» **What is needed**
Pictures excluded, copy word for word the lines from the one holding "Another spacious double" through the last line below.

» **Dataset section**
━━━━

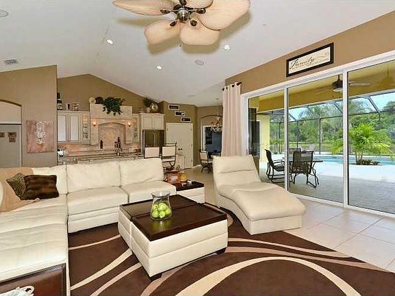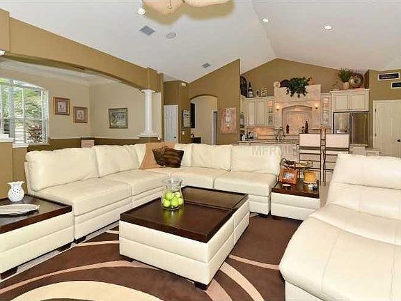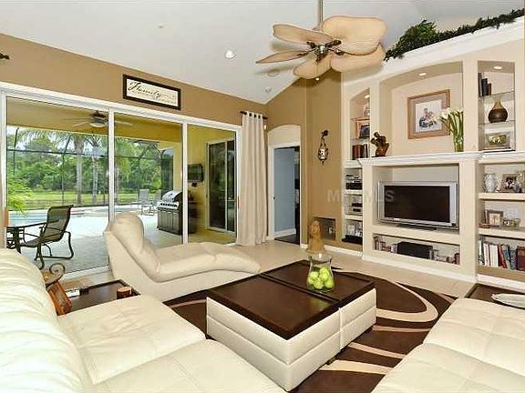 Inspection completed! This house is perfection... Absolutely everything in impeccable condition. This is a 3 bedroom plus den, 3 bath home. This open GREAT ROOM floor plan includes a Dining Room and eat-in kitchen. Built-ins in Living room. Master bedroom with a view of pool of the pool area and has a huge 17'x7' walk in closet. Three car garage has 2 car door in front and one car door in back for an untraditional garage set up. Large laundry room around the corner from dry bar with small fridge perfect for beverages. Wine fridge in kitchen as well. Home has Ample Storage throughout. Security system is ready to be activated. Salt water Pool and spa has an expansive lanai that includes great views of the lake with treed privacy. The backyard concrete fire-pit area that is ready for memories to be made. Yes, the backyard is a true Southern exposure! Family park with a playground is just up the road with more lake views, and covered area for picnics and basketball courts for family fun! Pictures are shown with owners furniture. Currently Vacant and move in ready!!!
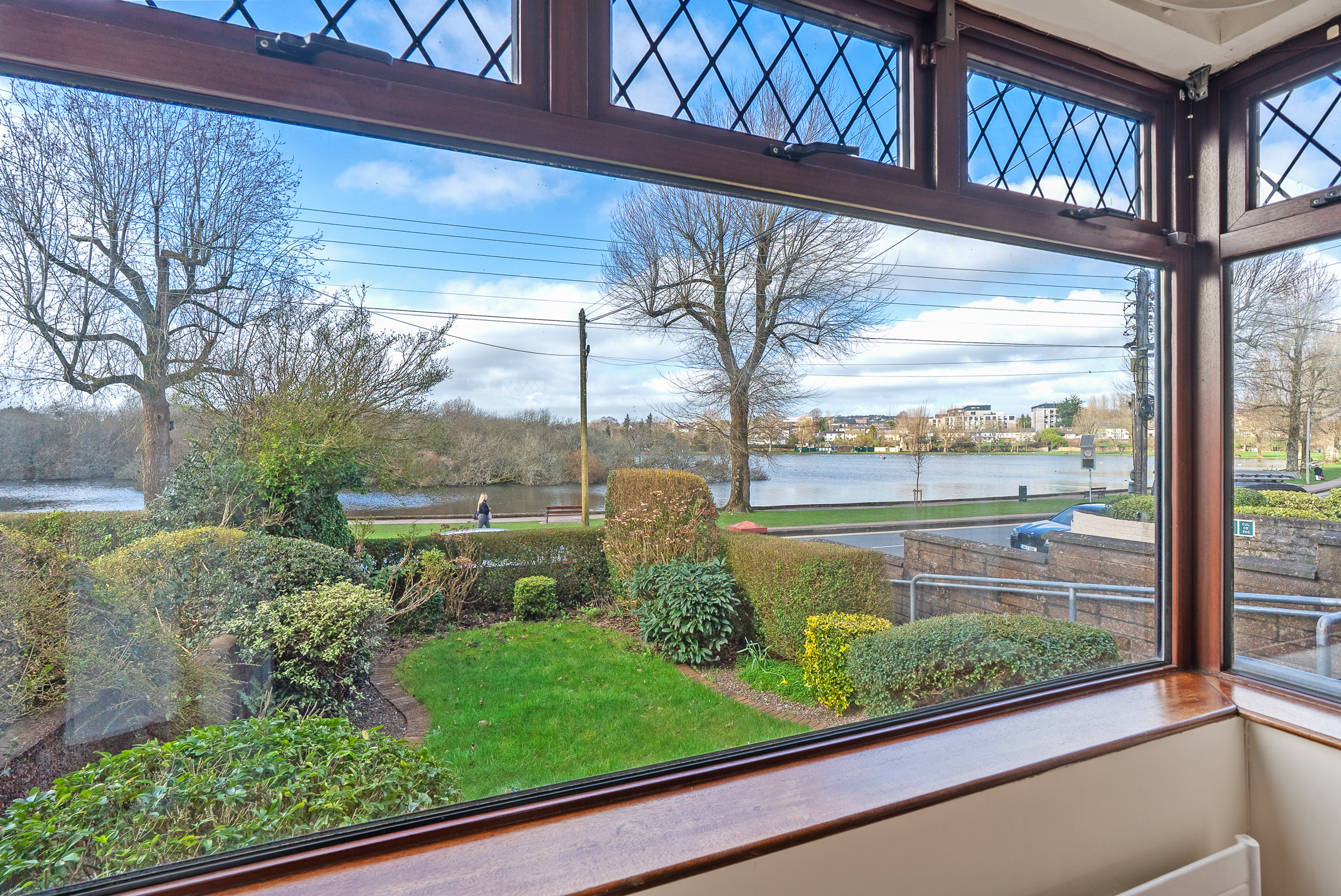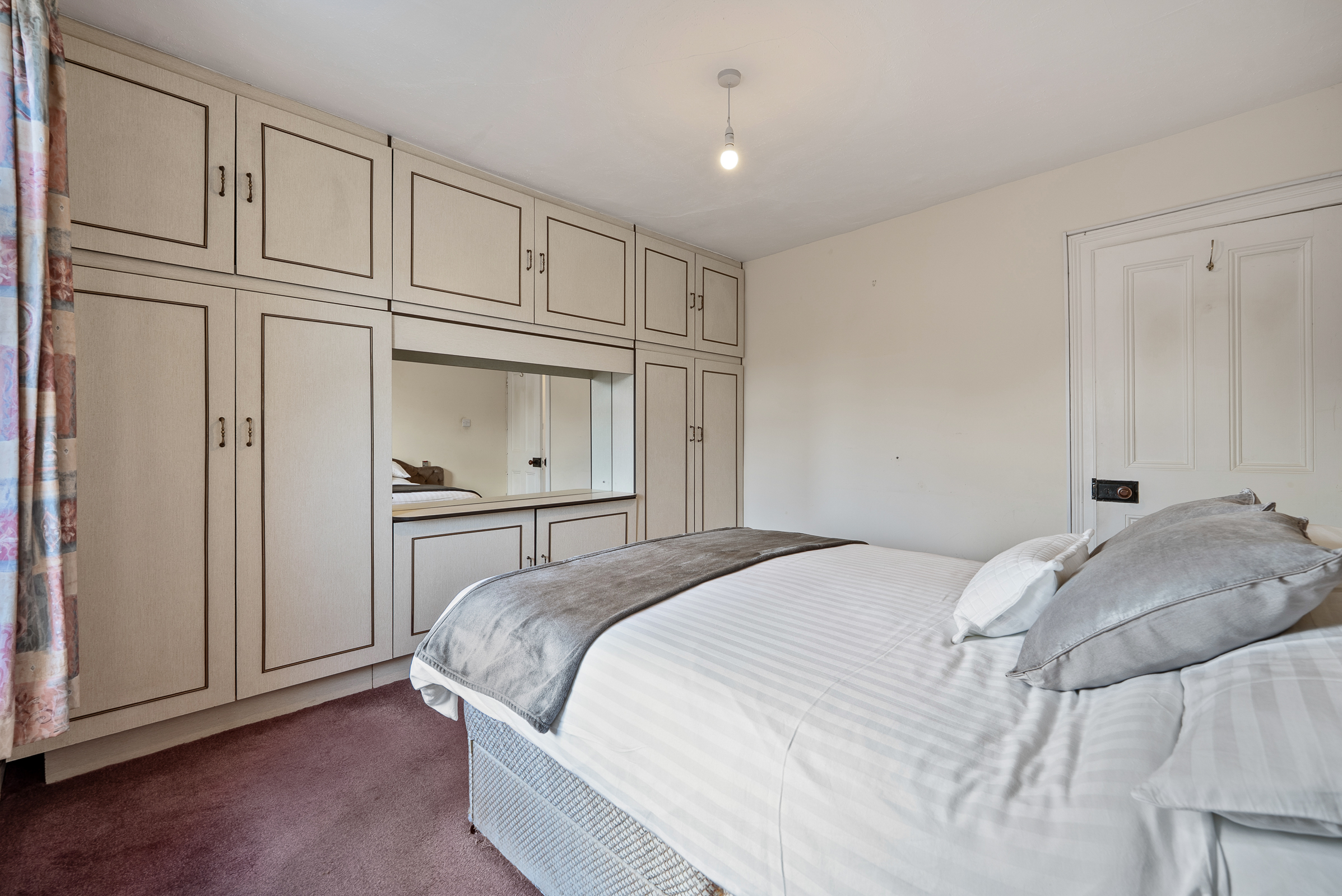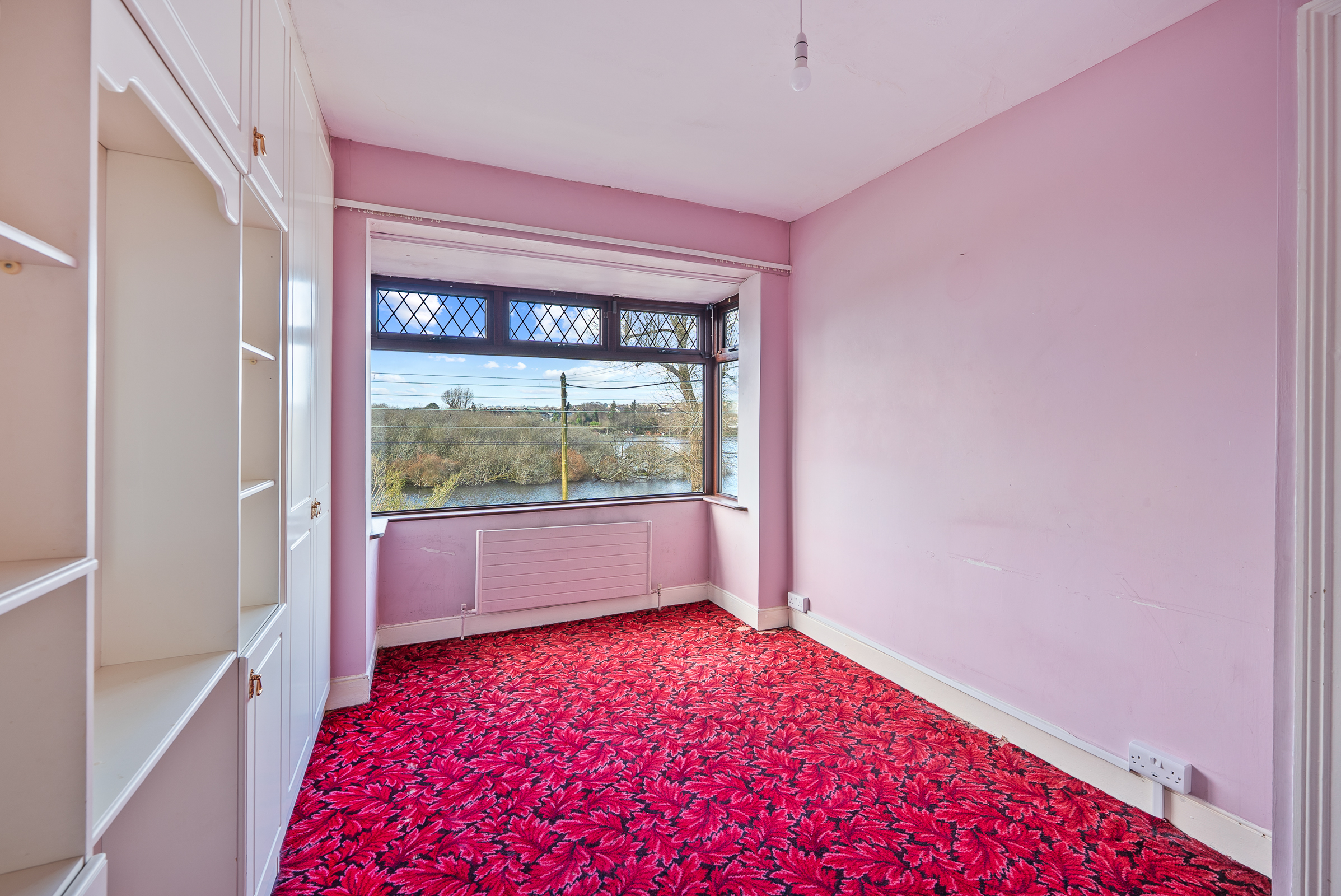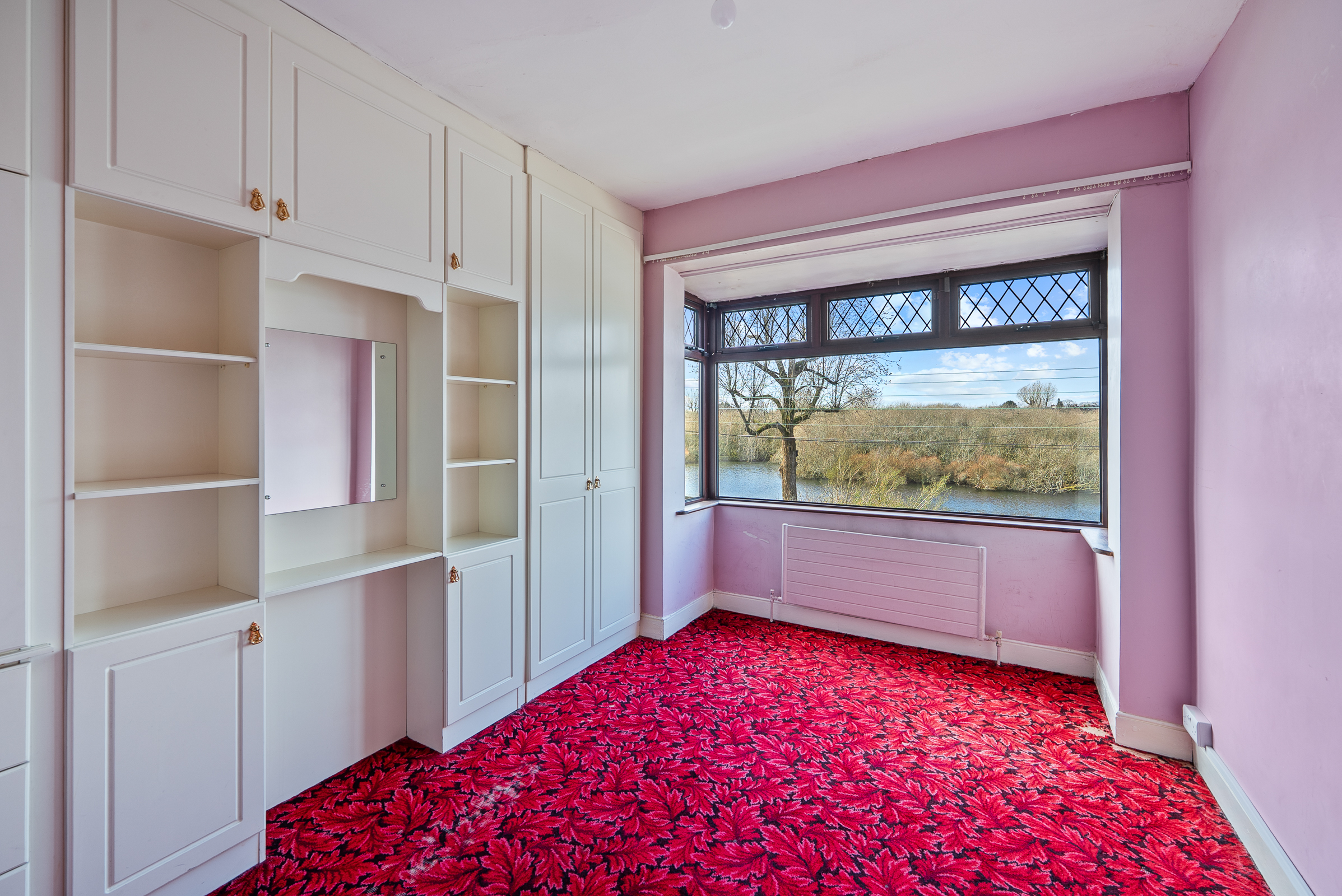 Another spacious double bedroom has a feature bay window to the front of the property, with picturesque water views, extensive built-in units for storage, radiator, centre light fitting, and carpet flooring.
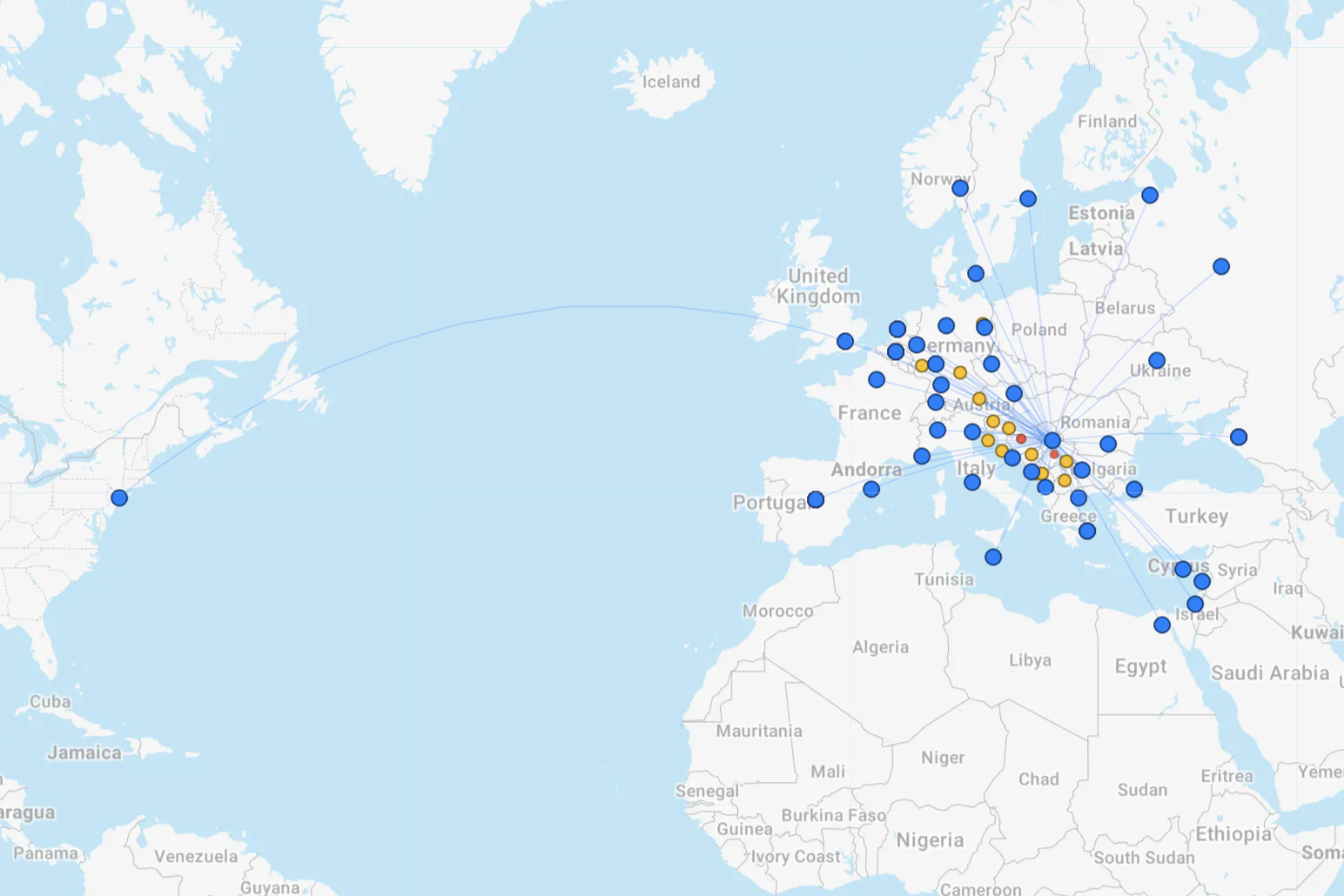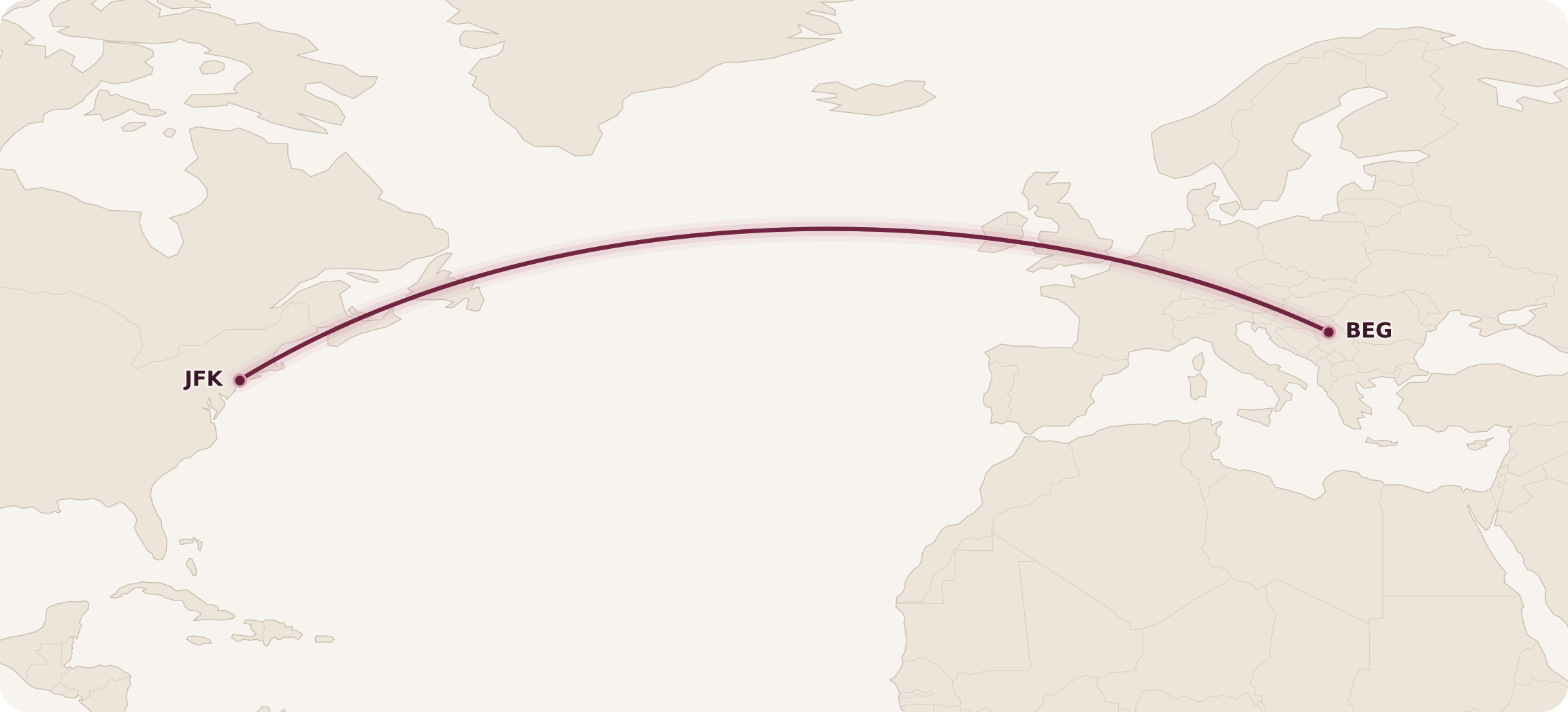 As you can see, Air Serbia runs mostly intra-European and Levant routes with one notable exception: their flagship route from Belgrade to New York JFK.

━━━━

» **Reply to the task**
 Another spacious double bedroom has a feature bay window to the front of the property, with picturesque water views, extensive built-in units for storage, radiator, centre light fitting, and carpet flooring.
 As you can see, Air Serbia runs mostly intra-European and Levant routes with one notable exception: their flagship route from Belgrade to New York JFK.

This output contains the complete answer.